Noel-Storr A, Dooley G, Affengruber L, and Gartlehner G. (2021). Citation screening using crowdsourcing and machine learning produced accurate results: Evaluation of Cochrane's modified Screen4Me process. J Clin Epidemiol 130:23-31.

Manuscript available from the publisher's website here.  

Friday, January 8, 2021

New Guideline Participation Tool Lays Out Roles and Responsibilities for New and Returning Guideline Group Members

Guideline development groups should contain a multidisciplinary panel of experts and key stakeholders to ensure the quality, relevance, and ultimate implementation of resulting recommendations. However, there are few tools in existence to ensure the effective participation of panel members when working to draft guidelines, and preparing panel members with little to no previous experience in guideline development can be an especially daunting task. A new paper published in next month's issue of the Journal of Clinical Epidemiology aims to provide a tool to guide these efforts, with a specific focus on guideline developed using the GRADE framework.
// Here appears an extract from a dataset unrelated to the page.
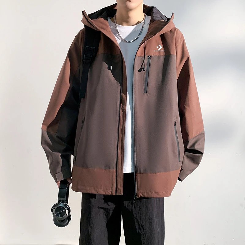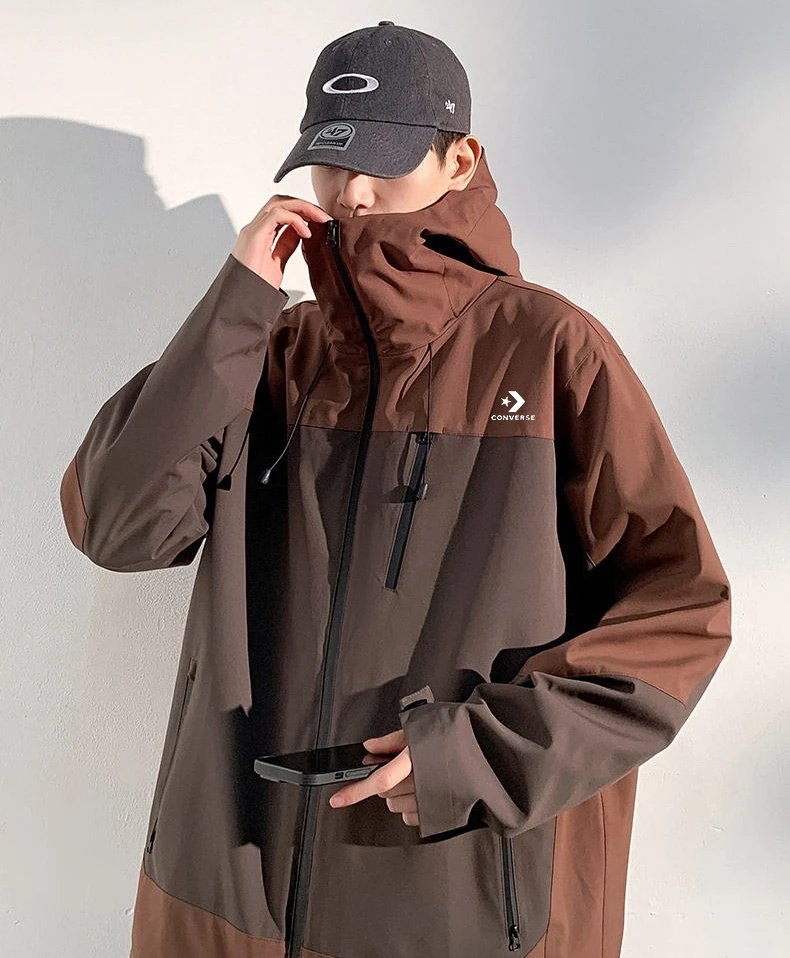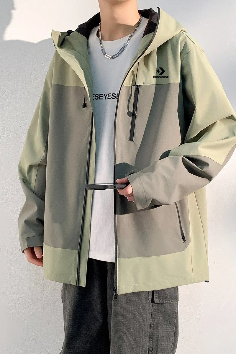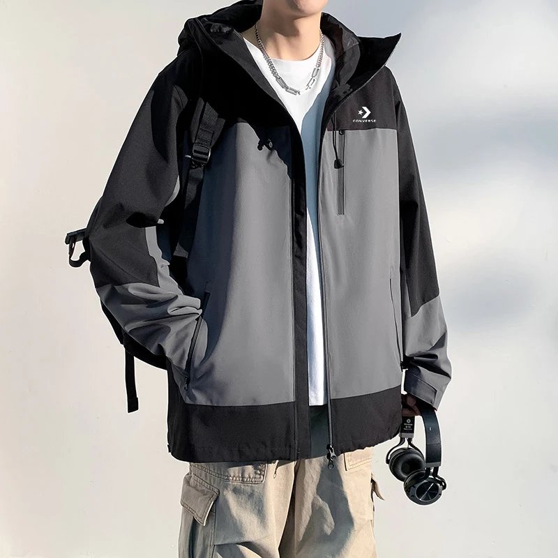 Converse Spring New Arrival: Waterproof Hooded Spliced Unisex T-Shirt with strong windproof, classic logo, breathable & anti-static, ideal for outdoor adventures.

To develop the tool, Piggott and colleagues first established a draft tool that included 61 items based on a previously published systematic review of guideline development handbooks. They then conducted a series of ten key informant interviews comprising both past and prospective guideline development group members to narrow the tool down to three major themes: selection of participants, guideline group process, and tool format. The resulting 33-item Guideline Participant Tool (GPT) was then validated in a survey of 26 guideline group members from various societies including WHO and the American Society of Hematology (ASH). The tool itself breaks the process of guideline participation into three major time windows: 

  • Before (Preparations): 12 items including clarifying objectives and one's role within the group and familiarizing oneself with the guideline development methodology to be used.
  • During (Meetings): 15 items including avoiding undue interruptions, adhering to the specified methodology, and referring to the PICO question at hand as a way to stay on task.
  • After (Follow-up): 6 items including maintaining proper confidentiality of information discussed, reviewing meeting minutes to identify any discrepancies in a timely fashion, and assisting with the promotion, dissemination, and evaluation of the guideline as requested.

According to the authors, "Most participants found that the tool is most useful before guideline group meetings explaining what to expect at each phase. Participants thought that the tool was useful beforehand as a reference for orienting themselves to the structure of meetings, understanding the guideline development process, and what might be required of them. Respondents agreed that the tool serves as a reference for them to stay on track with the required tasks and to support structuring the process of guideline development."

The authors go on to suggest that the tool be used as required reading for all group members ahead of their participation on a panel. 

Piggott T, Baldeh T, Akl EA, et al. 2021. Supporting effective participation in health guideline development groups: The Guideline Participant Tool. J Clin Epidemiol 130:42-48.

Manuscript available from the publisher's website here.